We’ve already seen how GPT’s autoregressive (causal) language modeling shapes both its training and inference. But autoregression is only one paradigm. To fully understand foundation models, let’s explore the main approaches that have shaped their development.

Autoregressive (causal) modeling

In causal language modeling (CLM), a model predicts the next token in a sequence based on all the tokens that came before it. No looking ahead is allowed.

Historically, researchers relied on n-gram models, which handled short contexts but failed with large vocabularies and long dependencies. Transformers, used in GPT, overcame this by scaling to billions of parameters and efficiently handling long contexts.
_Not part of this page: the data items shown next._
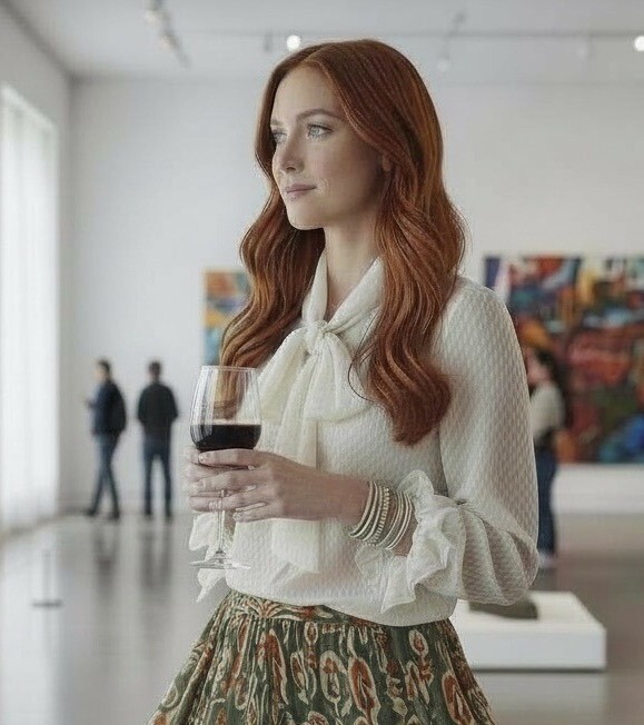In a sunlit gallery with art adorning the walls, this blouse becomes an elegant companion. Its delicate texture whispers sophistication, while bow details at the neck and cuffs tell a story of refined grace. A piece that blends timeless charm with modern poise.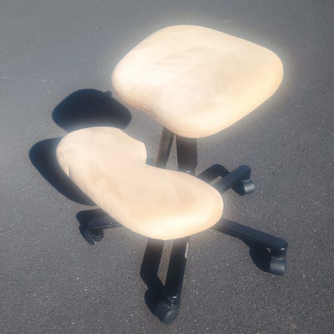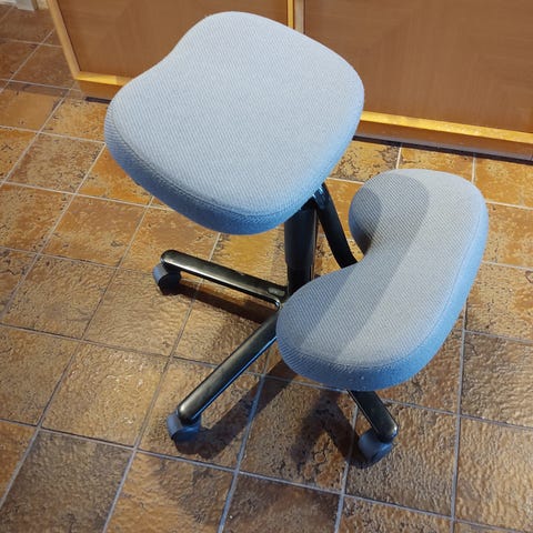 HÅG Balans Vital kontorstol med blå betræk i stof. Stolen har en unik ergonomisk design med knæstøtte og hjul, der giver mulighed for aktiv siddestilling. Fremstillet i Norge med patenteret design.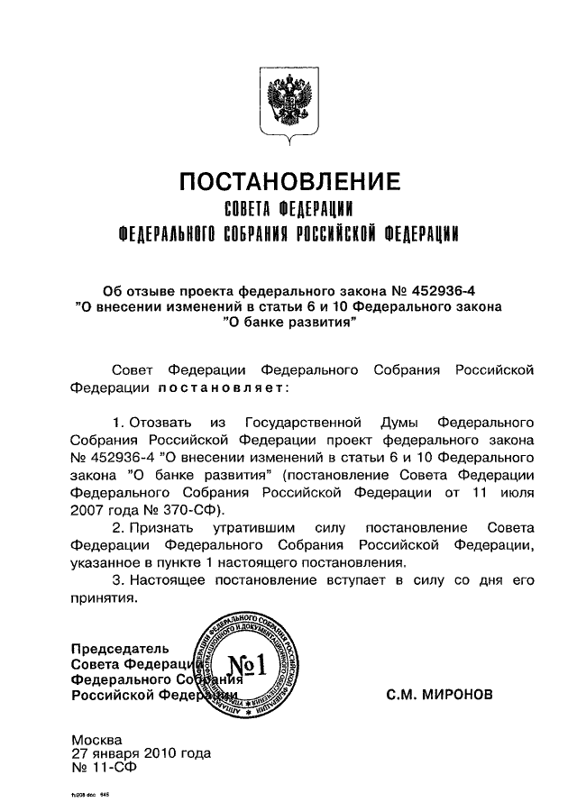 ПОСТАНОВЛЕНИЕ СФ ФС РФ от 27.01.2010 N 11-СФ

One key strength of autoregressive modeling is its training–inference unity. At training, the model predicts the next token; at inference, it does the same, simply continuing a user’s prompt. This makes GPT highly versatile: by observing diverse text during training, it can perform tasks like translation or summarization without being explicitly trained for them.

Masked language modeling (MLM)

While autoregression looks only left-to-right, masked language modeling (MLM) uses context from both directions. In this setup, random tokens in a sentence are masked, and the model must guess the missing pieces using surrounding words.

This approach was popularized by BERT (2018). Inspired by denoising autoencoders, MLM forces the model to reconstruct text where words are hidden. For example:

  • Input: “The quick [MASK] fox jumps.”

  • Prediction: “brown”.

Because BERT can see both left and right context, it learns deeply contextual word embeddings. This makes it especially strong in reading comprehension, search, and classification tasks, although it is less suited for generation.

Contrastive learning

Many real-world tasks involve multiple modalities, like images paired with text. Contrastive learning aligns these by bringing related items close in embedding space and pushing unrelated items apart.

A major breakthrough was OpenAI’s CLIP, which trains an image encoder and a text encoder together. If an image is captioned “a cat sitting on a mat,” their embeddings are pulled close; a mismatched caption pushes them apart. This process uses naturally available data (captions, alt-text) instead of manually labeled data.

Contrastive learning has roots in metric learning and Siamese networks, but scaled transformers and web-scale datasets unlocked its true power. Today, it underpins multimodal models capable of linking vision, text, and more.

Other pretraining paradigms

Beyond causal, masked, and contrastive strategies, speech-based and diffusion-based paradigms stand out:

  • Speech-based objectives: Models like OpenAI’s Whisper mask or predict parts of speech sequences, enabling transcription, translation, and recognition without labeled recordings.

  • Diffusion-based training: Models such as DALL·E generate images by progressively denoising random noise, a process well-suited for high-fidelity generation in vision tasks.

These approaches extend beyond text, demonstrating how self-supervised objectives can be adapted to various data types.

What does the pretraining workflow look like?

Regardless of paradigm, most foundation models follow a similar pipeline:

  1. Data gathering: Collect large, diverse datasets (text, images, audio, code).

  2. Preprocessing: Clean, normalize, and tokenize data into usable chunks.

  3. Model initialization: Start with random weights.

  4. Self-supervised task: Next-token prediction (CLM), masked tokens (MLM), or multimodal matching (contrastive).

  5. Loss calculation: Compare predictions to actual data; calculate error.

  6. Parameter updates: Use optimizers like Adam to nudge weights toward better predictions.

  7. Repeat at scale: Billions of steps over massive datasets forge strong, generalizable representations.

Through large-scale self-supervised pretraining, models learn rich and flexible patterns that apply across text, images, and speech. Massive, diverse datasets allow them to capture subtle nuances, generalize well, and even absorb traits like humor or cultural references without explicit teaching. This broad understanding forms the foundation, while post-training (fine-tuning or adaptation) refines the model for specific tasks such as translation, question answering, or image generation. Together, these stages define the power of today’s foundation models.